§ Task goal:
Give back, unaltered, the lines from the one with "Red 2002 thunderbird.(US $16,500.00)" to the end of the material, omitting pictures.

§ Provided records:
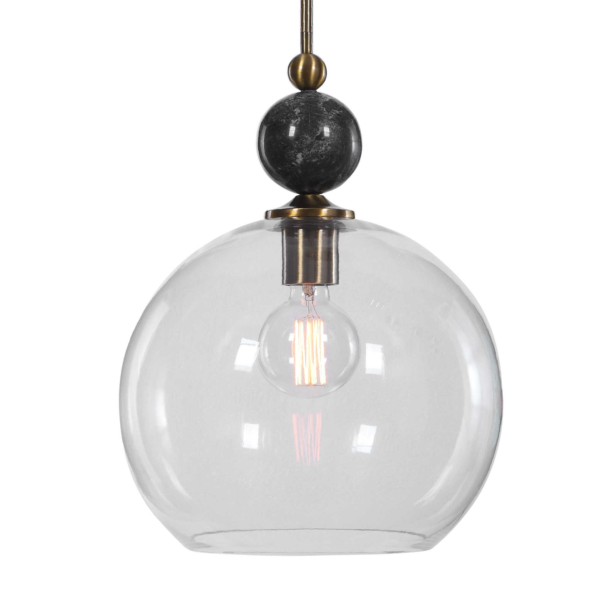 Люстра Mendota — это настоящее произведение искусства, вдохновленное простотой и элегантностью. Её кулон весом 1 литр увенчан роскошным черным мраморным шаром диаметром 33 см, который придает ей уникальный и изысканный вид. Отделка из окисленной состаренной латуни подчеркивает элегантные линии этой люстры, придавая ей теплую атмосферу.
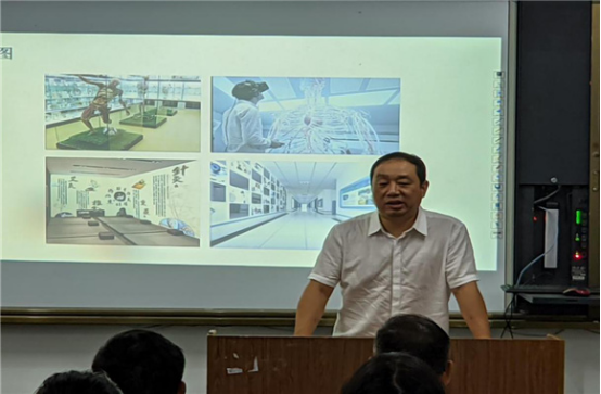 健康服务与管理专业学科带头人吴有根副教授向同学们详细介绍健康服务与管理的专业概况以及课程体系,展示了学校健康服务与管理实训中心的建设构想,并表示学校正在积极建设健康服务与管理专业的实训中心。
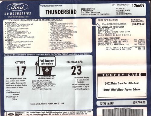 Red 2002 thunderbird.(US $16,500.00)
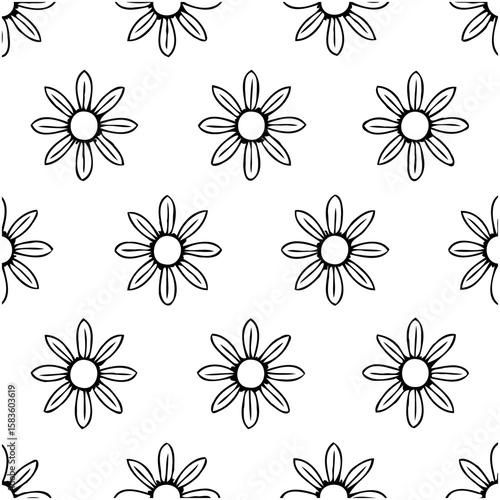 Seamless Floral Pattern: Elegant Black and White Daisy Design for Versatile Applications
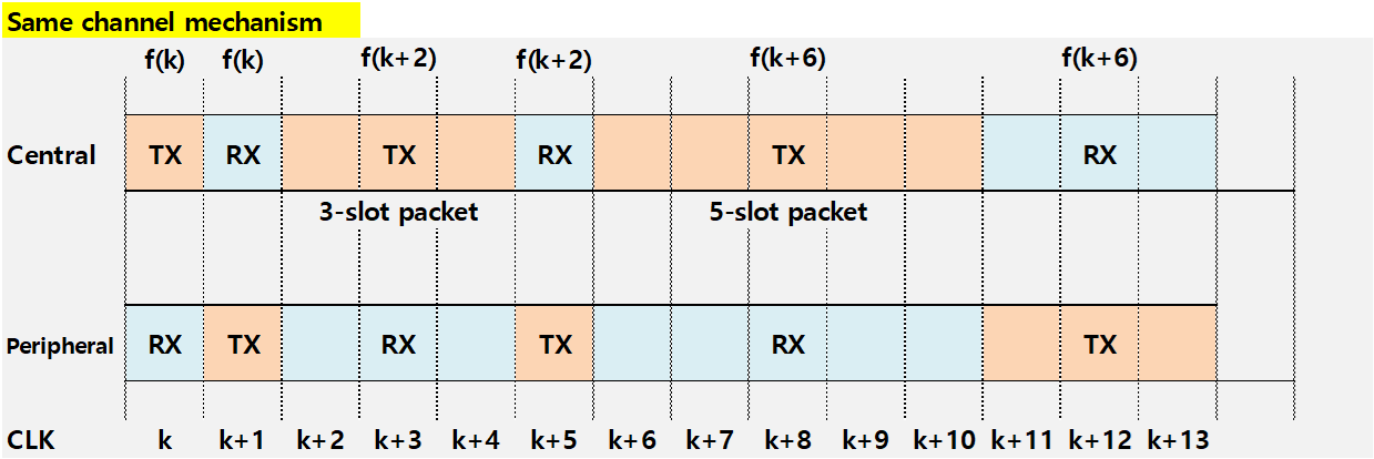 - 주파수 변경 소스: Central의 Bluetooth clock과 Bluetooth address(BD_ADDR)의 UAP/LAP를 이용

§ Exercise answer:
 Red 2002 thunderbird.(US $16,500.00)
 Seamless Floral Pattern: Elegant Black and White Daisy Design for Versatile Applications
 - 주파수 변경 소스: Central의 Bluetooth clock과 Bluetooth address(BD_ADDR)의 UAP/LAP를 이용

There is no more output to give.